With four days to go, Comcept’s second Kickstarter didn’t look promising. The Red Ash campaign has only raised $489,000 of the $800,000 stretch goal, but that doesn’t matter anymore.

Chinese publisher Fuze has decided to pick up the game and fund its development. What this means for the Kickstarter and its backers isn’t clear, though.

Comcept says that funds will now support stretch goals, but hasn’t named what those are. “Exactly what are those stretch goals? We're sorry to say that will have to wait a little while longer!” Comcept writes on the Kickstarter page. “Like we said, we're very busy with many behind-the-scenes things over here, and we apologize if you feel left in the dark. As you can see, the things we have brewing that are keeping us occupied are BIG, and all for the purpose of getting you RED ASH in its biggest, bestest form. That's the reason we're less communicative than we'd like to be!”

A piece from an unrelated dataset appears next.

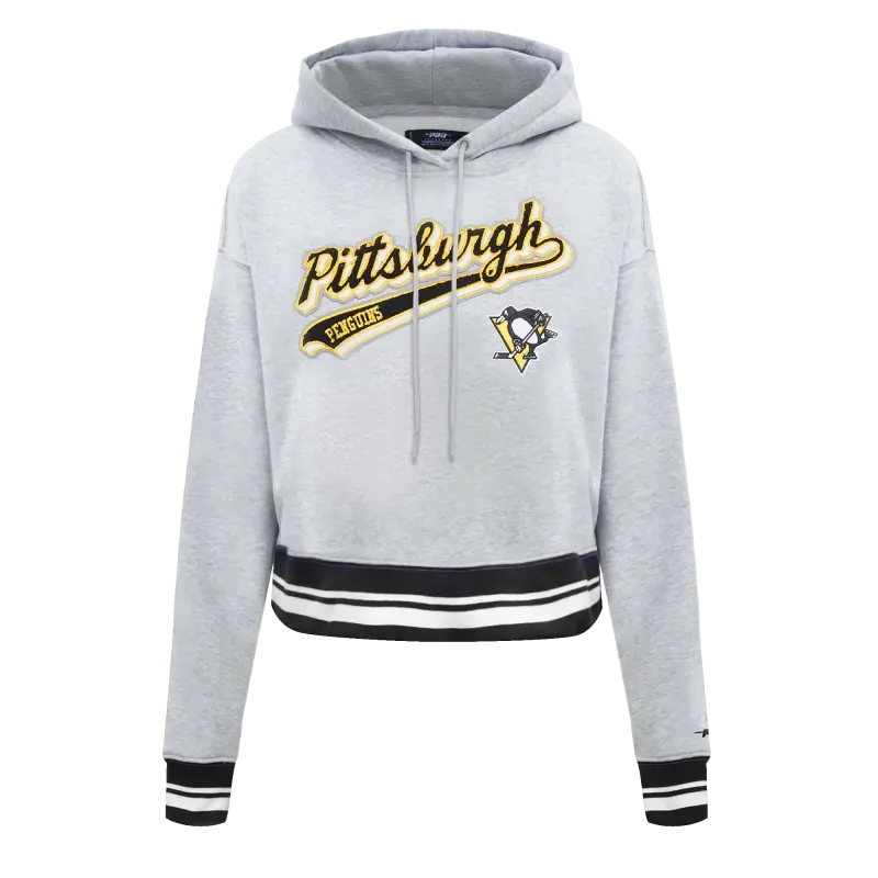 Home / Shop / Pittsburgh Penguins / NHL PITTSBURGH PENGUINS SCRIPT TAIL WOMEN’S RIB FLEECE CROPPED PULLOVER HOODIE (HEATHER GRAY\/BLACK)

Prior to this announcement, only one stretch goal had been announced: a PlayStation 4 port at $1 million raised. With Fuze funding PC, PlayStation 4, and Xbox One versions, that goal has been taken care of.

Given that the campaign was intended to fund the first three chapters only, it’s possible that the funds already raised will go toward releasing a complete game. Until Comcept reveals what it’s planning and lets its backers in on the secret, we won’t know for sure.

This news comes after retailers have signaled a delay for Might No. 9. The game was announced with a September 15 release date, but Amazon, GameStop (Disclosure: GameStop is Game Informer’s parent company), and Best Buy have pulled back on that. The first two indicated a placeholder release of December 31, 2016, with Best Buy saying the release date has not been announced.

Comcept hasn’t commented on the matter, and publisher Deep Silver declined to provide a statement on the situation when reached. We’ll update should that change.

[Source: Kickstarter]

 

Our Take
The terms of the Kickstarter have changed, and Comcept isn’t telling backers what their funds will actually support. It’s time to pull the plug on the Kickstarter, cancel pledges, and just make the game using a traditional model. 

Backers should start requesting answers, especially as Comcept isn’t commenting yet on reported Mighty No. 9 delays. If the company continues with the Kickstarter and it comes out later that its first project is missing its release date (just six weeks away) it will obliterate consumer trust.